Bref à 8h30 hop, tous dans le bus. Une armée de Robocop entre dans un bus puis en ressort une heure après au sommet. C’est vraiment Robocop, ils sont équipés de coudières, genouillères, dorsales, épaulières, j’en passe et des meilleures. Au début je pensais qu’ils étaient vraiment super costauds, mais c’est du bidon (enfin pas totalement non plus). Les escrocs! C’est en tous cas rigolo à observer.

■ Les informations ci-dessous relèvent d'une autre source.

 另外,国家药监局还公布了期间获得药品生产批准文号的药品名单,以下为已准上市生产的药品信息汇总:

Le bus nous a monté à 1200m, à l’«Hermitage» de la veille soit…la spéciale que je n’avais pas aimé du tout. Hop c’est reparti, je fais encore vaguement semblant à certains endroits. Nous avions bien pris soin de laisser passer les dingos pour ne pas les gêner. Une fois en bas, pas de tricherie cette fois il fallait monter la fameuse «boucle» de la veille : la Pierre Pamole. Une longue montée bien fatiguante qui mène vers un magnifique panorama à 360°, le temps était découvert à ce moment-là, c’était très très beau.

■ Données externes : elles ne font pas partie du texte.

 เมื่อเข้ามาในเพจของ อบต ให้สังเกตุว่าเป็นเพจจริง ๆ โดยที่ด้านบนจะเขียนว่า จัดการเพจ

Je n’aurais jamais dû lire le panneau qui annonçait la spéciale de Pamole : « mefia té», ouais j’aurais dû. J’aurais préféré faire celle de l’«Hermitage» toute la journée! Une pente pas possible, des marches de pierres infernales, des sauts pas possibles… Évidemment une fois en bas, Rémy me dit qu’il est passé histoire de me dégouter au possible. Les enduristes arrivent frais et joyeux en disant « ouais ça envoie moyen, franchement on a pas de quoi prendre de la vitesse ». J’en ai pourtant (enfin) vu passer quelques-uns : ça ressemble un une sorte de 35 tonnes lancé à la vitesse d’un TGV roulant sur des cahots de pierre, un bruit infernal! Ils volent littéralement d’un obstacle à l’autre… Bref je n’ai plus d’espoir d’y arriver. Bien entendu j’ai souffert la misère de l’effort consenti à descendre le truc en essayant de ne pas tomber à pied! Vous pouvez retrouver la trace et observer au kilomètre 8.5 la chute vertigineuse, la pente est indiquée à 50% par endroits, et non ce ne sont pas des erreurs de mesure du GPS! Ensuite c’était une succession de montée/descente de cross-country jusqu’au ravito.

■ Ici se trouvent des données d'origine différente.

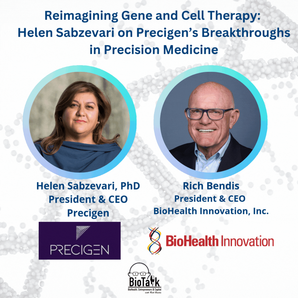 In this episode of BioTalk, Rich Bendis welcomes Dr. Helen Sabzevari, President and CEO of Precigen, to discuss the company’s cutting-edge science in gene and cell therapy. Dr. Sabzevari shares how Precigen’s unique AdenoVerse® platform has powered the development of PRGN-2012, a potential first-in-class therapeutic currently under FDA priority review for the treatment of adults with recurrent respiratory papillomatosis (RRP), a rare and devastating disease. She also highlights advances across Precigen’s broader pipeline in immuno-oncology and autoimmune disease and reflects on how Maryland’s BioHealth Capital Region has supported the company’s innovation and growth.

Notre technique de XC nous faisait remonter la longue file des enduristes qui peinaient. Ceux qui avaient roulé la veille étaient dans un état! Sur le petit plan je pensais en avoir fini et cela me permettait de faire remonter le moral. On descend, on fait même une spéciale largement abordable que j’ai pu faire (sans doute une spéciale nullissime pour les autres). C’était pas trop pentu, mais tout de même, mais c’était surtout dégagé, je pouvais donc anticiper et deviner ce qu’il y avait à faire et y arriver! Comme il n’y avait pas d’obstacle, je suis arrivé en bas fier de moi. (J’avoue que la spéciale était peut-être juste avant le ravito). Bref, au ravito je bouffe tout le sifflard qui traîne, les bananes, etc. On repars et je me dis que c’est terminé car c’est quasiment la fin de la journée de la veille. Erreur! Il y avait bien une foutue descente à flanc de colline où l’on a dépassé les 50km/h puis un petit virage pour finir avec : un panneau de spéciale! Argh! Celle-là m’a écœuré, mais vraiment. Comme je ne m’y attendais pas, le moral tombât direct dans les chaussettes. C’était une chemin en creux de pente assez raisonnable mais dont le contenu lui ne l’était pas. Un chaos de pierres absolument illisible pour moi. J’aurais bien revendu mon vélo+mon équipement+ma licence pour 1€ au premier venu. Là, j’ai vraiment mis beaucoup de temps, l’épuisement ne me permettait pas d’arriver à surmonter ce truc pas vraiment méchant en fait. Bon, l’équipe a été patiente et m’attendait bien fraîche en bas. Rémy m’a encore avoué qu’il avait bien descendu le tout et que c’était cool. Pffff. Ensuite nous avons rejoint le dual de la veille que j’ai descendu avec mon compagnon d’infortune, Stéphane, qui était aussi bien cuit. Ils avaient lâché le drone pour nous filmer, je croyais être poursuivi par un moustique-tigre. Le téléphone se mis à sonner à plusieurs reprises : Lionel qui devait s’impatienter un peu à la base, Martine et les photos de la sortie club, Sébastien et ses vidéos… Nous sommes rentrés tout aussi cuits les uns que les autres mais fiers d’avoir réussi ce truc. Le bilan de la journée c’est 35km, 1100D+/2000D-, à peu de choses près.

Bilan

Un bilan sportif assez conséquent : car sans doute plus de 80km, 2000D+, 4000D-, avec des ascensions de bonne facture (beaucoup classées 4 sur Strava).

Je reprendrais bien un peu d’une telle rando une prochaine fois (mais j’étudierais des échappatoires de «spéciales».